Weaver is one of many adults age 30 or older who play in Anne Arundel County leagues that have grown in popularity in recent years. John Spinnenweber, facilities supervisor for Anne Arundel County Recreation and Parks, said that there are 18 teams in this fall's over-30 league alone. There are three divisions and a total of about 240 players.

"The over-30 leagues are growing," he said. "I think they're the baby boomers' kids ... and they've been given more opportunities to play soccer as young people and adults."

Spinnenweber also said that there are other ways for those older than 30 to play in the county. There are "unlimited" leagues, where anyone older than 18 can compete.

He said a large number of players there are older than 30. In addition, players this age can play in the weekly coed league - and there are a number of people who play in more than one league.

That's what Weaver does each fall. He's a goalie who plays and coaches the Hudson's Heroes team in a Sunday morning unlimited league. Weaver, who played for Chesapeake High School, also coaches the Training Pro team in the coed league during the week.

Working with Hudson's Heroes makes Weaver get a quick start on Sunday mornings. They have games as early as 8:30 a.m., but the time doesn't bother him.

"I look forward to it every week," Weaver said. "It's a great release, and you develop relationships with guys, and I consider [those] on the team my friends." Weaver keeps his friends active by running the Anne Arundel Adult Soccer League each spring. Soccer is considered a fall sport by Recreation and Parks, so running the league independently each spring is how those interested keep adult soccer going in the area. Weaver has served as president the past few years.

"In the spring, everything is pretty much the same," Weaver said.

Todd McNeil also loves soccer and stays with it along with his Hudson's Heroes teammate. The Maine native works in computer programming and played the game while in high school. He'll play in three leagues per week during the fall and works as the AASL's treasurer during the spring.

In other words, anything to play more soccer and kick the ball around.

"I'm a huge soccer fanatic," McNeil said. "It's growing in popularity, and it pretty much started with the 30- and 40-year-olds passing it down to their children.

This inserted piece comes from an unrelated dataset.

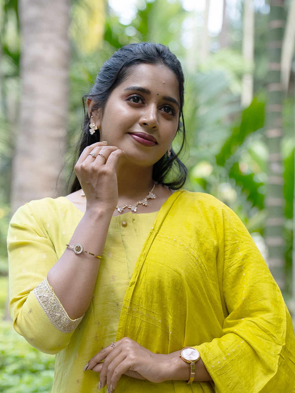 Step out in effortless elegance with this green cotton-mix weaving embroidered kurti set. The round neck and 3/4 sleeves offer a classic, comfortable silhouette. Intricate weaving and embroidery add rich texture and charm to its vibrant look. Finished with a side-closed design, it ensures a neat, structured, and graceful fit.

Wait until 25 or 30 years from now - it will be bigger than basketball or hockey."

Mickey Emory is also in love with soccer. The 35-year-old goalie played at Annapolis High and now runs Emory Construction. When it comes to soccer, the Annapolis resident will do anything to play. Like many others, Emory also works as a coach and plays during the fall and spring seasons. He will also try to play indoor soccer in the winter.

Emory has been in this league for about 13 years.

"If you've been in the league as long as I have, you kind of get to know everyone," Emory said. "You know who you're playing against. You wouldn't believe the guys who I've met who are my best friends."

Emory has been playing soccer for 23 years and took up the sport when the game was beginning to blossom in this country. He still loves to play on teams that are successful. His Sunday team, the Peace Frogs, is 7-0.

"There're a lot of competitive people out there, and there's a lot of talent out there," Emory said.

Weaver likes to play the game hard each week but draws a line for several reasons - most of which deal with being realistic.

Many in this age group seem to have this attitude. While many still want to win at everything they do, things are different from when they were younger because if an injury makes a player miss time from work, it's truly something costly.

"You want to win, but you realize that there is a tomorrow," Weaver said. "I'm a structural engineer. I have to be able to move around. I can't break my leg. It's not worth it to me. I play this for fun."